[[ Available data, beginning ]]

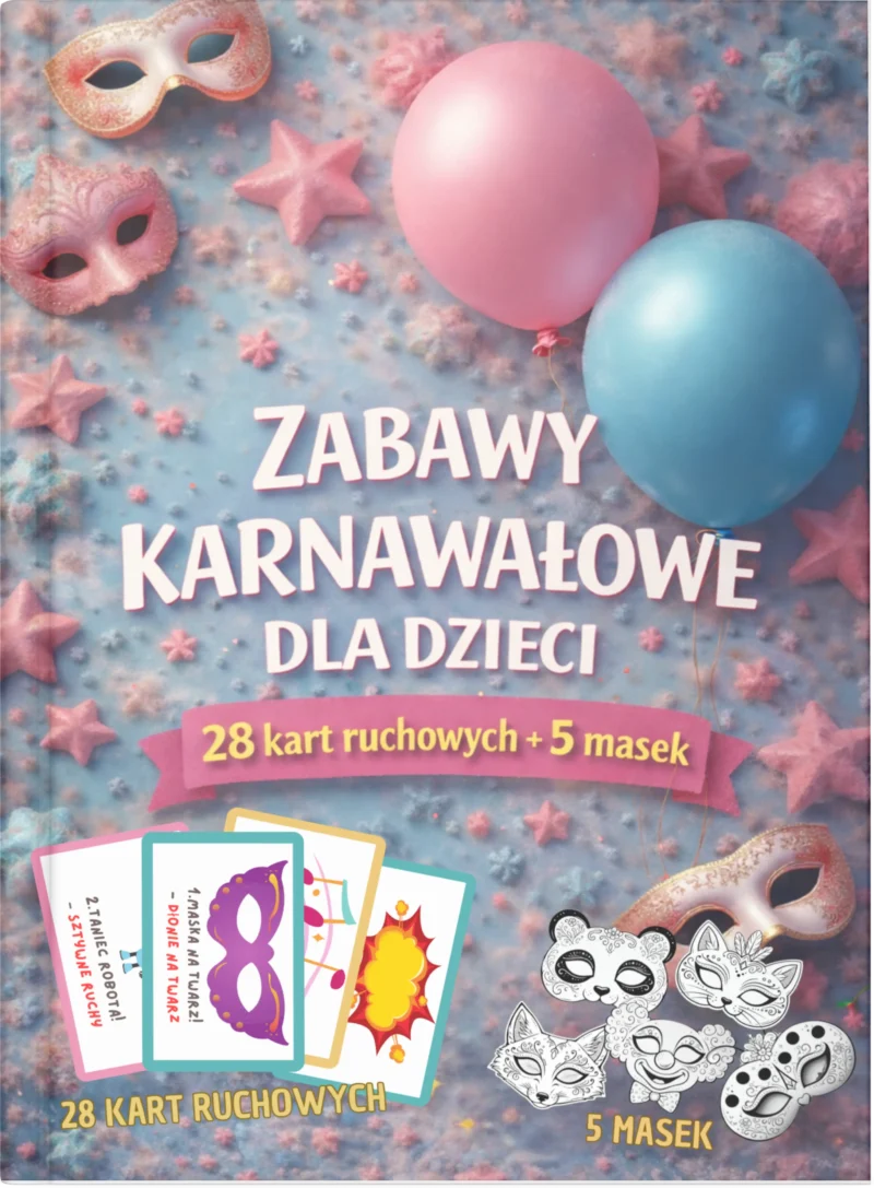Zamów „Zabawy karnawałowe dla dzieci – karty ruchowe + maski” i miej gotowy zestaw na każdy bal karnawałowy.
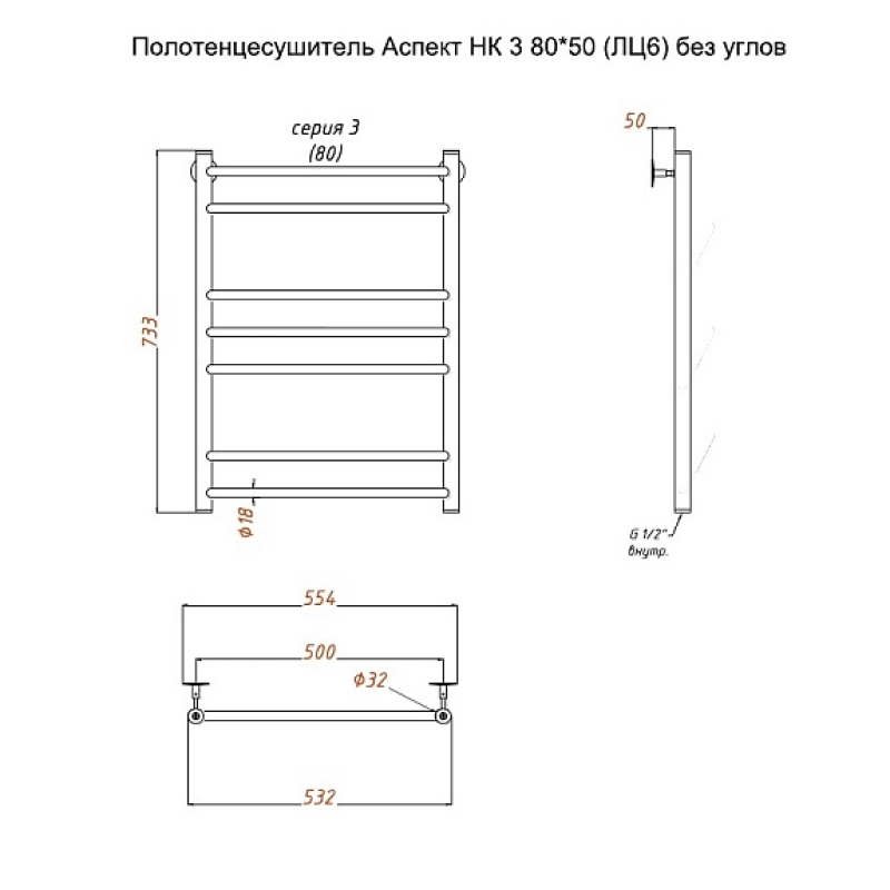 Полотенцесушитель водяной (лесенка) Тругор Аспект НК 3 80х50 см (без углов)
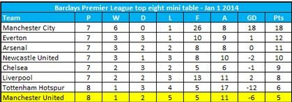 名英超积分榜前8名的球队分别是阿森纳、曼城、切尔西、利物浦、埃弗顿、热刺、曼联和纽卡。而在8支球队的相互对抗中,曼联成为了人尽可欺的“软柿子”。
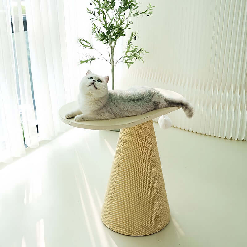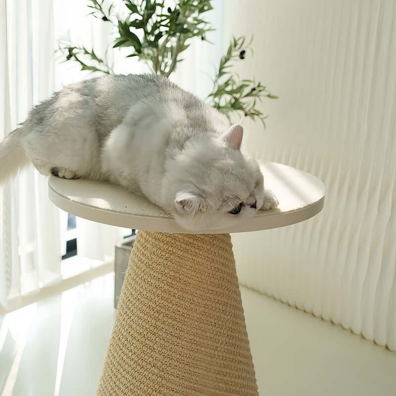 The conical sisal scratching post is wrapped in double-layer non-dyed sisal. It resists fraying and lets cats scratch and climb naturally.

[[ Available data, end ]]

## Work request
Each line of the data above is to be output exactly; the pictures are not to appear.

## Exercise output
Zamów „Zabawy karnawałowe dla dzieci – karty ruchowe + maski” i miej gotowy zestaw na każdy bal karnawałowy.
 Полотенцесушитель водяной (лесенка) Тругор Аспект НК 3 80х50 см (без углов)
 名英超积分榜前8名的球队分别是阿森纳、曼城、切尔西、利物浦、埃弗顿、热刺、曼联和纽卡。而在8支球队的相互对抗中,曼联成为了人尽可欺的“软柿子”。
 The conical sisal scratching post is wrapped in double-layer non-dyed sisal. It resists fraying and lets cats scratch and climb naturally.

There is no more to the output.